WHAT TO PRODUCE: Output every entry exactly as it appears.

Dataset records:
···

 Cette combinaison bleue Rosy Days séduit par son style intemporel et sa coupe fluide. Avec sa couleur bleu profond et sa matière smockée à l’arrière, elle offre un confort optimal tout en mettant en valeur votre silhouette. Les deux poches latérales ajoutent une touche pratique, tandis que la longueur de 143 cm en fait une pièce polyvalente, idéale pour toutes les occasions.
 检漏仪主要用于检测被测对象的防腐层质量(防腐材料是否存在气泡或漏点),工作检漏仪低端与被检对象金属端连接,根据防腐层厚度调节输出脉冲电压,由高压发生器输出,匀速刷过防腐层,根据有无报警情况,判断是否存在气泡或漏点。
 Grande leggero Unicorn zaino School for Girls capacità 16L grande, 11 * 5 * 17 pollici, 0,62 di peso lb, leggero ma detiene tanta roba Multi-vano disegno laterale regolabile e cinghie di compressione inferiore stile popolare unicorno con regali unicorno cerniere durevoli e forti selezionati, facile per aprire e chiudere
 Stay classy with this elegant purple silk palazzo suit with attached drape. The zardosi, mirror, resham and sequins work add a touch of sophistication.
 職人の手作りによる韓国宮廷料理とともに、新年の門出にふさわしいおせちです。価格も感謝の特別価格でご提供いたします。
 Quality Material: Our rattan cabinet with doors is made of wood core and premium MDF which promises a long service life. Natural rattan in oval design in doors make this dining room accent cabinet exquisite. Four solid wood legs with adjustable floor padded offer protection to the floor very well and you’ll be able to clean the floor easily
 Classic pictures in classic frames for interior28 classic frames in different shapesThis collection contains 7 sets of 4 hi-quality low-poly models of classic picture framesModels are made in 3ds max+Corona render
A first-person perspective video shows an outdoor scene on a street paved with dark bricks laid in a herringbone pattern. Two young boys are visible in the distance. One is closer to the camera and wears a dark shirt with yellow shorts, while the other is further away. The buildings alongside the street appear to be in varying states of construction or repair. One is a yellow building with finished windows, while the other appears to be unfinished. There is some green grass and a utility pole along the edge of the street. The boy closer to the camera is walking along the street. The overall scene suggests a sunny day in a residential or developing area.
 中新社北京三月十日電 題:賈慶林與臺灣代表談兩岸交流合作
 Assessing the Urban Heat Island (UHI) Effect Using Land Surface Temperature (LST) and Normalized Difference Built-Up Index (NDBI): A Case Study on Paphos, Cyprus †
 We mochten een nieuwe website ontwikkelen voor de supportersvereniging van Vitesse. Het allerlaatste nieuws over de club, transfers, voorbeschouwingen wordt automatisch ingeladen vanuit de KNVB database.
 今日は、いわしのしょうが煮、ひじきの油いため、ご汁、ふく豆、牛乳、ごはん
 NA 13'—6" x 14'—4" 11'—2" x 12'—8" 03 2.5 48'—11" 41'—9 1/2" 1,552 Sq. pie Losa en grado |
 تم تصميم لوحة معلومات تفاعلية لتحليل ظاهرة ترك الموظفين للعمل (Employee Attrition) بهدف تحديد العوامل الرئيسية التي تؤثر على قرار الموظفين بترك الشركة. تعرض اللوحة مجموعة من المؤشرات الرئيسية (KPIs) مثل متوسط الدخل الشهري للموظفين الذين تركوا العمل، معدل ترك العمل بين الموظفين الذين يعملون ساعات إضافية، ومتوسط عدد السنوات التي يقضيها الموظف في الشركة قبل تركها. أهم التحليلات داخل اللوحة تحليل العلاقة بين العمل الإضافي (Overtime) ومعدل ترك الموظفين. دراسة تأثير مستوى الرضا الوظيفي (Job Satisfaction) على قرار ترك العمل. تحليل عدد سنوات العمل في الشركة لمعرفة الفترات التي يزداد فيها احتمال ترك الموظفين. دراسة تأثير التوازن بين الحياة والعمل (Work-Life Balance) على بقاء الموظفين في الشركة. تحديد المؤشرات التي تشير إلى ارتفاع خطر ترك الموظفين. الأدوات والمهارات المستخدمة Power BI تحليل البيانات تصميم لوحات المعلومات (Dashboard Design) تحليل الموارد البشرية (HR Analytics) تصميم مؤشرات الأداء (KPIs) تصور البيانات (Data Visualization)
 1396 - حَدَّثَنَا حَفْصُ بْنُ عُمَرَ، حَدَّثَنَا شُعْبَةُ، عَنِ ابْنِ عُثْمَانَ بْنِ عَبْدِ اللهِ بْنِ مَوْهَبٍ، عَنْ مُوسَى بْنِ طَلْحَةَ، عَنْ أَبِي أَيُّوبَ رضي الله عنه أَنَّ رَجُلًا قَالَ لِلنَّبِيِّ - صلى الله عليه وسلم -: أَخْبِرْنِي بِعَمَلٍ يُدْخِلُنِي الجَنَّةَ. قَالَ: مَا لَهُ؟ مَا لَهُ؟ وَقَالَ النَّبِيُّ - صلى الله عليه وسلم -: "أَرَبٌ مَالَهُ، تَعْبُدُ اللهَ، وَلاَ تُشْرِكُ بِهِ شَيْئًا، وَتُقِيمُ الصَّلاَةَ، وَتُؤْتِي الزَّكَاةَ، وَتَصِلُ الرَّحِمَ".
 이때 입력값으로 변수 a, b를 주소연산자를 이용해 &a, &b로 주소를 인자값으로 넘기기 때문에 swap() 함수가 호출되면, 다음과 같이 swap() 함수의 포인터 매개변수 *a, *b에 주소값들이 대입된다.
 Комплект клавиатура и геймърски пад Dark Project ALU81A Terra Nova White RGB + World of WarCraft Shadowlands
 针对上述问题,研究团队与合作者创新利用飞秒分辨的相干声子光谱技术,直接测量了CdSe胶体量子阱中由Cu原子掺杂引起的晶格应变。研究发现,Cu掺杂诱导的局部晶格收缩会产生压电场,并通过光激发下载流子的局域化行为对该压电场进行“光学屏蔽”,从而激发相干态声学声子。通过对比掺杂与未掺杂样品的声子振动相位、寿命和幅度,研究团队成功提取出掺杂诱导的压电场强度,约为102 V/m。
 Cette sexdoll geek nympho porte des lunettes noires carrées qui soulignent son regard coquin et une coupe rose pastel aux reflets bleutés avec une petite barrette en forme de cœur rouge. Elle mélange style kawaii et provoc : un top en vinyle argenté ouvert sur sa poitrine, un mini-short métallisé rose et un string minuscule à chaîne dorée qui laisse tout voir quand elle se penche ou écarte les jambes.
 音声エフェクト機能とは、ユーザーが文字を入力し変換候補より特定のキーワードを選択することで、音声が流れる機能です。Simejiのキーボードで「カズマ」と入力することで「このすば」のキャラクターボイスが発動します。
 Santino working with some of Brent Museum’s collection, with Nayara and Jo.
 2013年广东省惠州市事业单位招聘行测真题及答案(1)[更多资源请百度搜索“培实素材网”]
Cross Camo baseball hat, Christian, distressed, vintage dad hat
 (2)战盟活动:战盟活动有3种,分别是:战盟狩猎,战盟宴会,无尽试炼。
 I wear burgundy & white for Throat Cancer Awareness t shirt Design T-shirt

···

RESPONSE FOR THIS EXERCISE:
 Cette combinaison bleue Rosy Days séduit par son style intemporel et sa coupe fluide. Avec sa couleur bleu profond et sa matière smockée à l’arrière, elle offre un confort optimal tout en mettant en valeur votre silhouette. Les deux poches latérales ajoutent une touche pratique, tandis que la longueur de 143 cm en fait une pièce polyvalente, idéale pour toutes les occasions.
 检漏仪主要用于检测被测对象的防腐层质量(防腐材料是否存在气泡或漏点),工作检漏仪低端与被检对象金属端连接,根据防腐层厚度调节输出脉冲电压,由高压发生器输出,匀速刷过防腐层,根据有无报警情况,判断是否存在气泡或漏点。
 Grande leggero Unicorn zaino School for Girls capacità 16L grande, 11 * 5 * 17 pollici, 0,62 di peso lb, leggero ma detiene tanta roba Multi-vano disegno laterale regolabile e cinghie di compressione inferiore stile popolare unicorno con regali unicorno cerniere durevoli e forti selezionati, facile per aprire e chiudere
 Stay classy with this elegant purple silk palazzo suit with attached drape. The zardosi, mirror, resham and sequins work add a touch of sophistication.
 職人の手作りによる韓国宮廷料理とともに、新年の門出にふさわしいおせちです。価格も感謝の特別価格でご提供いたします。
 Quality Material: Our rattan cabinet with doors is made of wood core and premium MDF which promises a long service life. Natural rattan in oval design in doors make this dining room accent cabinet exquisite. Four solid wood legs with adjustable floor padded offer protection to the floor very well and you’ll be able to clean the floor easily
 Classic pictures in classic frames for interior28 classic frames in different shapesThis collection contains 7 sets of 4 hi-quality low-poly models of classic picture framesModels are made in 3ds max+Corona render
A first-person perspective video shows an outdoor scene on a street paved with dark bricks laid in a herringbone pattern. Two young boys are visible in the distance. One is closer to the camera and wears a dark shirt with yellow shorts, while the other is further away. The buildings alongside the street appear to be in varying states of construction or repair. One is a yellow building with finished windows, while the other appears to be unfinished. There is some green grass and a utility pole along the edge of the street. The boy closer to the camera is walking along the street. The overall scene suggests a sunny day in a residential or developing area.
 中新社北京三月十日電 題:賈慶林與臺灣代表談兩岸交流合作
 Assessing the Urban Heat Island (UHI) Effect Using Land Surface Temperature (LST) and Normalized Difference Built-Up Index (NDBI): A Case Study on Paphos, Cyprus †
 We mochten een nieuwe website ontwikkelen voor de supportersvereniging van Vitesse. Het allerlaatste nieuws over de club, transfers, voorbeschouwingen wordt automatisch ingeladen vanuit de KNVB database.
 今日は、いわしのしょうが煮、ひじきの油いため、ご汁、ふく豆、牛乳、ごはん
 NA 13'—6" x 14'—4" 11'—2" x 12'—8" 03 2.5 48'—11" 41'—9 1/2" 1,552 Sq. pie Losa en grado |
 تم تصميم لوحة معلومات تفاعلية لتحليل ظاهرة ترك الموظفين للعمل (Employee Attrition) بهدف تحديد العوامل الرئيسية التي تؤثر على قرار الموظفين بترك الشركة. تعرض اللوحة مجموعة من المؤشرات الرئيسية (KPIs) مثل متوسط الدخل الشهري للموظفين الذين تركوا العمل، معدل ترك العمل بين الموظفين الذين يعملون ساعات إضافية، ومتوسط عدد السنوات التي يقضيها الموظف في الشركة قبل تركها. أهم التحليلات داخل اللوحة تحليل العلاقة بين العمل الإضافي (Overtime) ومعدل ترك الموظفين. دراسة تأثير مستوى الرضا الوظيفي (Job Satisfaction) على قرار ترك العمل. تحليل عدد سنوات العمل في الشركة لمعرفة الفترات التي يزداد فيها احتمال ترك الموظفين. دراسة تأثير التوازن بين الحياة والعمل (Work-Life Balance) على بقاء الموظفين في الشركة. تحديد المؤشرات التي تشير إلى ارتفاع خطر ترك الموظفين. الأدوات والمهارات المستخدمة Power BI تحليل البيانات تصميم لوحات المعلومات (Dashboard Design) تحليل الموارد البشرية (HR Analytics) تصميم مؤشرات الأداء (KPIs) تصور البيانات (Data Visualization)
 1396 - حَدَّثَنَا حَفْصُ بْنُ عُمَرَ، حَدَّثَنَا شُعْبَةُ، عَنِ ابْنِ عُثْمَانَ بْنِ عَبْدِ اللهِ بْنِ مَوْهَبٍ، عَنْ مُوسَى بْنِ طَلْحَةَ، عَنْ أَبِي أَيُّوبَ رضي الله عنه أَنَّ رَجُلًا قَالَ لِلنَّبِيِّ - صلى الله عليه وسلم -: أَخْبِرْنِي بِعَمَلٍ يُدْخِلُنِي الجَنَّةَ. قَالَ: مَا لَهُ؟ مَا لَهُ؟ وَقَالَ النَّبِيُّ - صلى الله عليه وسلم -: "أَرَبٌ مَالَهُ، تَعْبُدُ اللهَ، وَلاَ تُشْرِكُ بِهِ شَيْئًا، وَتُقِيمُ الصَّلاَةَ، وَتُؤْتِي الزَّكَاةَ، وَتَصِلُ الرَّحِمَ".
 이때 입력값으로 변수 a, b를 주소연산자를 이용해 &a, &b로 주소를 인자값으로 넘기기 때문에 swap() 함수가 호출되면, 다음과 같이 swap() 함수의 포인터 매개변수 *a, *b에 주소값들이 대입된다.
 Комплект клавиатура и геймърски пад Dark Project ALU81A Terra Nova White RGB + World of WarCraft Shadowlands
 针对上述问题,研究团队与合作者创新利用飞秒分辨的相干声子光谱技术,直接测量了CdSe胶体量子阱中由Cu原子掺杂引起的晶格应变。研究发现,Cu掺杂诱导的局部晶格收缩会产生压电场,并通过光激发下载流子的局域化行为对该压电场进行“光学屏蔽”,从而激发相干态声学声子。通过对比掺杂与未掺杂样品的声子振动相位、寿命和幅度,研究团队成功提取出掺杂诱导的压电场强度,约为102 V/m。
 Cette sexdoll geek nympho porte des lunettes noires carrées qui soulignent son regard coquin et une coupe rose pastel aux reflets bleutés avec une petite barrette en forme de cœur rouge. Elle mélange style kawaii et provoc : un top en vinyle argenté ouvert sur sa poitrine, un mini-short métallisé rose et un string minuscule à chaîne dorée qui laisse tout voir quand elle se penche ou écarte les jambes.
 音声エフェクト機能とは、ユーザーが文字を入力し変換候補より特定のキーワードを選択することで、音声が流れる機能です。Simejiのキーボードで「カズマ」と入力することで「このすば」のキャラクターボイスが発動します。
 Santino working with some of Brent Museum’s collection, with Nayara and Jo.
 2013年广东省惠州市事业单位招聘行测真题及答案(1)[更多资源请百度搜索“培实素材网”]
Cross Camo baseball hat, Christian, distressed, vintage dad hat
 (2)战盟活动:战盟活动有3种,分别是:战盟狩猎,战盟宴会,无尽试炼。
 I wear burgundy & white for Throat Cancer Awareness t shirt Design T-shirt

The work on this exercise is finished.